■ Data to examine
* * * * *

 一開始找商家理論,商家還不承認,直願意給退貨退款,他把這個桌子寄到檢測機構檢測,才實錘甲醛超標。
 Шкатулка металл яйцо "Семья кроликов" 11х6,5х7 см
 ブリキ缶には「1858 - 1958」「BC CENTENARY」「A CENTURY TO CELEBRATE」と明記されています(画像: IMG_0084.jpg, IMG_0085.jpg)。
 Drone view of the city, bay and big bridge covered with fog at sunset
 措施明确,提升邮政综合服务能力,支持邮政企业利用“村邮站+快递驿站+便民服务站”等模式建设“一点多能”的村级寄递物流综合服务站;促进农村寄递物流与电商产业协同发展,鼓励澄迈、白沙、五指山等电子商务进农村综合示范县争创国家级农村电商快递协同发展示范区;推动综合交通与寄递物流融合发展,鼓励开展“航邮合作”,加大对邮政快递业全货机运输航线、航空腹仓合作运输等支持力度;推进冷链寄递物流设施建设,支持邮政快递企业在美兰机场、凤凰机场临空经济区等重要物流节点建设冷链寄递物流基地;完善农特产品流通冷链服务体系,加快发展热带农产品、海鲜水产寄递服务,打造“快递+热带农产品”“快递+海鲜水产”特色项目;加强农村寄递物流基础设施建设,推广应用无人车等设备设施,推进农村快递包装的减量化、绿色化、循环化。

* * * * *

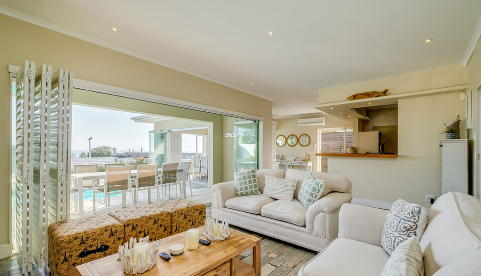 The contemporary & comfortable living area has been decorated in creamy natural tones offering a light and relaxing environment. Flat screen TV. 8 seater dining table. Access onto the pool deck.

* * * * *

■ Exercise directions
The listing above holds a line with "ブリキ缶には「1858 - 1958」「BC" and a line with "措施明确,提升邮政综合服务能". Print the stretch from the first through the second, exactly and alone.

■ Your response
 ブリキ缶には「1858 - 1958」「BC CENTENARY」「A CENTURY TO CELEBRATE」と明記されています(画像: IMG_0084.jpg, IMG_0085.jpg)。
 Drone view of the city, bay and big bridge covered with fog at sunset
 措施明确,提升邮政综合服务能力,支持邮政企业利用“村邮站+快递驿站+便民服务站”等模式建设“一点多能”的村级寄递物流综合服务站;促进农村寄递物流与电商产业协同发展,鼓励澄迈、白沙、五指山等电子商务进农村综合示范县争创国家级农村电商快递协同发展示范区;推动综合交通与寄递物流融合发展,鼓励开展“航邮合作”,加大对邮政快递业全货机运输航线、航空腹仓合作运输等支持力度;推进冷链寄递物流设施建设,支持邮政快递企业在美兰机场、凤凰机场临空经济区等重要物流节点建设冷链寄递物流基地;完善农特产品流通冷链服务体系,加快发展热带农产品、海鲜水产寄递服务,打造“快递+热带农产品”“快递+海鲜水产”特色项目;加强农村寄递物流基础设施建设,推广应用无人车等设备设施,推进农村快递包装的减量化、绿色化、循环化。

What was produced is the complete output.